Controlling Hair and Other Fibers We Wear

Thesis and Art Installation - December 2022

Master in Textile Design - Product Research & Sustainability

IED Accademia di Belle Arti Aldo Galli - Como, Italy

An alternate framework for fueling and sustaining the transition to a circular textile economy

Identity encompasses the values people hold, which ultimately dictate the choices people make. In reframing identity as a primary force in guiding behavior and decision-making, this thesis demonstrates how people and companies can leverage the possibilities of the textile industry to manifest products driven by purpose—products which are made with the collaboration and recognition of all beings involved.

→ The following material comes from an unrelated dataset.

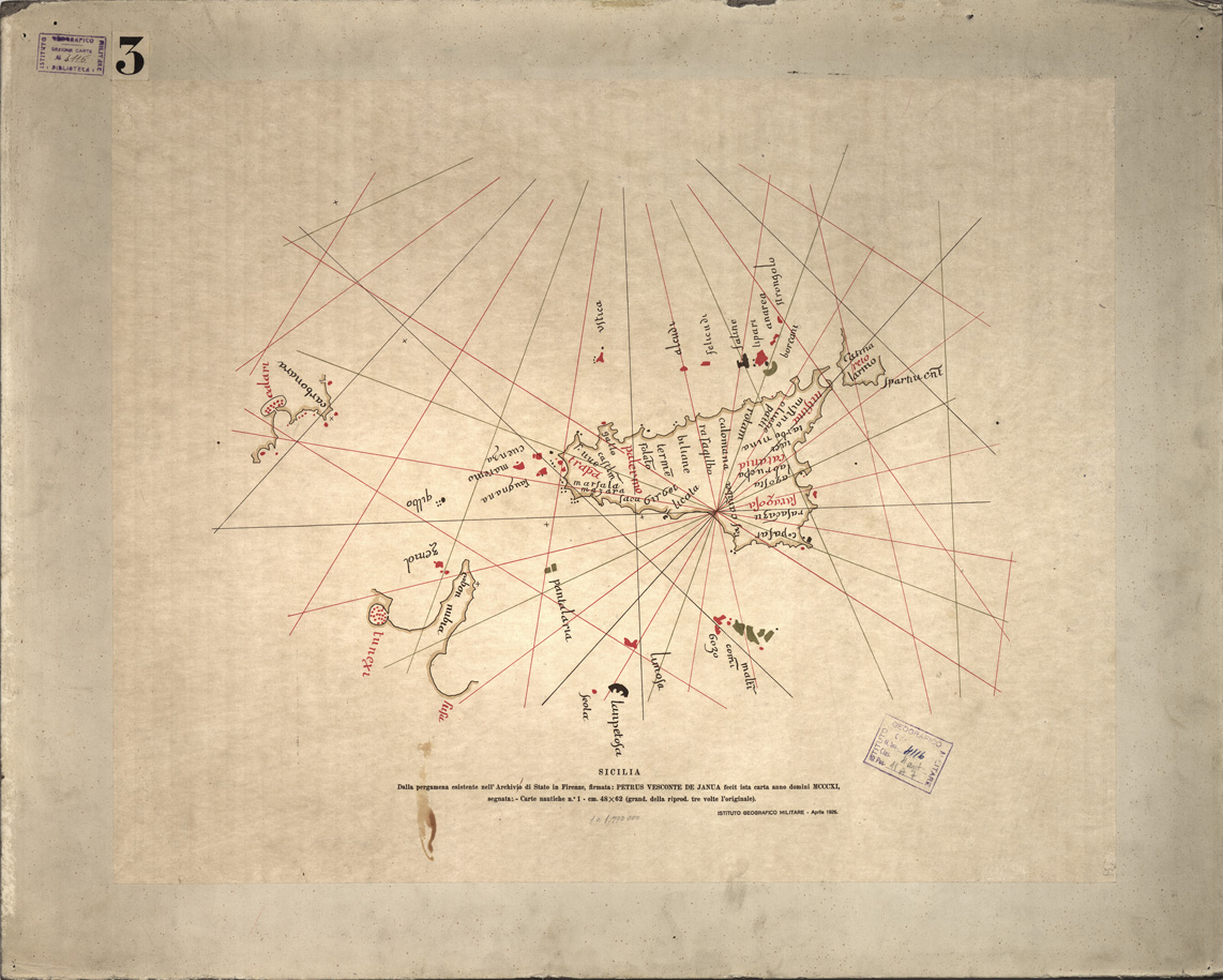 "Dalla pergamena esistente nell'Archivio di Stato in Firenze, firmata: Petrus Vesconte de Janua fecit ista carta anno domini MCCCXI, segnata: carte nautiche n. 1, cm. 48x62 (grand. della riprod. tre volte l'originale). La scala sopra la carta è scritta a lapis. I.G.M. (FI)."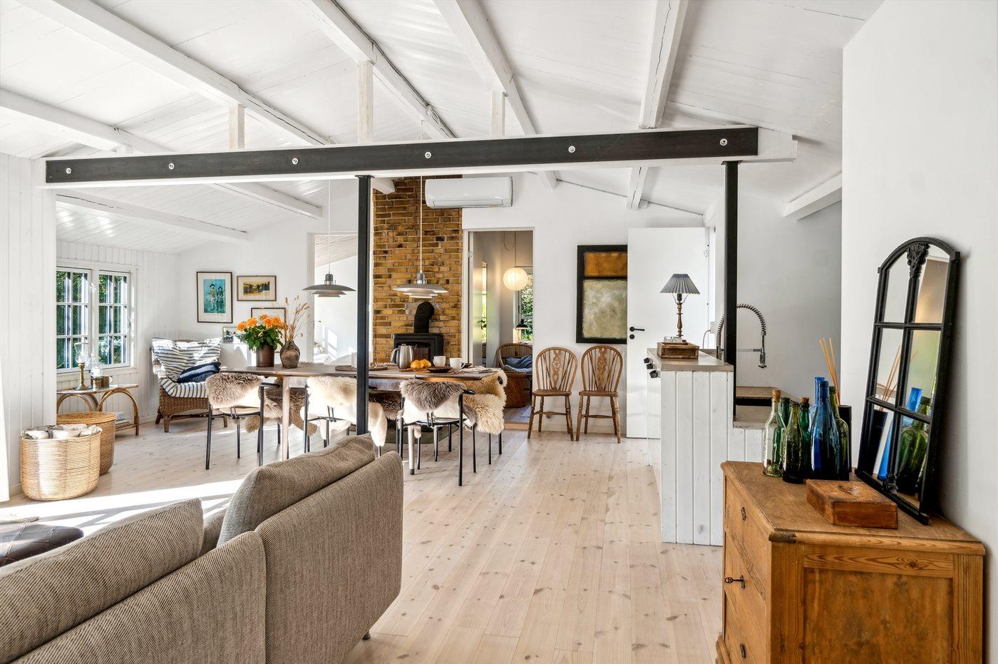 Das Haus liegt sehr zentral zwischen Nykøbing Sj. und Rørvig, wo es an beiden Orten jede Menge Sommerstimmung und ein reges Leben mit Cafés, Restaurants, Geschäften und Einkaufsmöglichkeiten sowie Hafenatmosphäre in den Jachthäfen gibt. Die nächste Einkaufsmöglichkeit liegt nur 1300 Meter entfernt. In der Nähe gibt es auch einen Street Food Markt und Minigolf. In der Umgebung befinden sich einige von Dänemarks besten und kinderfreundlichsten Sandstränden, ebenso wie viel herrliche Natur, darunter das Vogel- und Wildreservat Hov Vig, das in der Nähe des Hauses liegt. Besuche auch Dybesø, Korshage und Skansehage. Vom gemütlichen Rørvig aus besteht auch die Möglichkeit, die Fähre nach Hundested zu nehmen. Für Kinder sind der Vergnügungspark Sommerland Sjælland und der Tierpark Odsherred Zoo Rescue ideale Ausflugsziele. In der Nähe liegt auch der Anneberg Kulturpark mit einer Vielzahl von kulturellen Angeboten. Vom Haus aus sind es nur 1 Stunde und 20 Minuten Fahrt nach Kopenhagen, wo du die vielen Sehenswürdigkeiten und Attraktionen der Hauptstadt erleben kannst.

An examination of the ways our environment shapes us, and how we leverage fibers to work within that environment

ABSTRACT

Excerpt from written thesis

This thesis contextualizes how identity shapes the ways we manipulate fibers, and how we can in turn harness fibers to shape identity. In centering identity as a key theme within the context of fibers, this thesis analyzes how identity permeates decision making and behaviors across the textile industry as a whole, as social control of the fibers naturally on our bodies parallel the power dynamics in the textile industry. However, the multitude of ways fibers are weaponized as agents of restriction paradoxically mirrors how fibers can be harnessed as tools of construction. Where communities can suppress individual expression in textiles, individuals can manipulate fibers to reassert their identity. Where companies change landscapes and material identities through the use of harmful chemicals in production, activists can harness fibers as communication tools for advocacy. Where economic forces drive production scales and timelines, cultural identity can shape what fibers are produced and when.

Most conversations on sustainability in the textile industry center on quantitative cost-benefit analyses to mitigate the impacts of production on the environment. In exploring how identity is restricted or constructed through the fibers on our bodies, this thesis provides an alternate framework that demonstrates how progress on intersectional issues (such as consumerism, labor, and materials) hinges on centering identity — that of ourselves, our communities, and our relationships to the planet — to fuel and sustain a transition to a circular economy.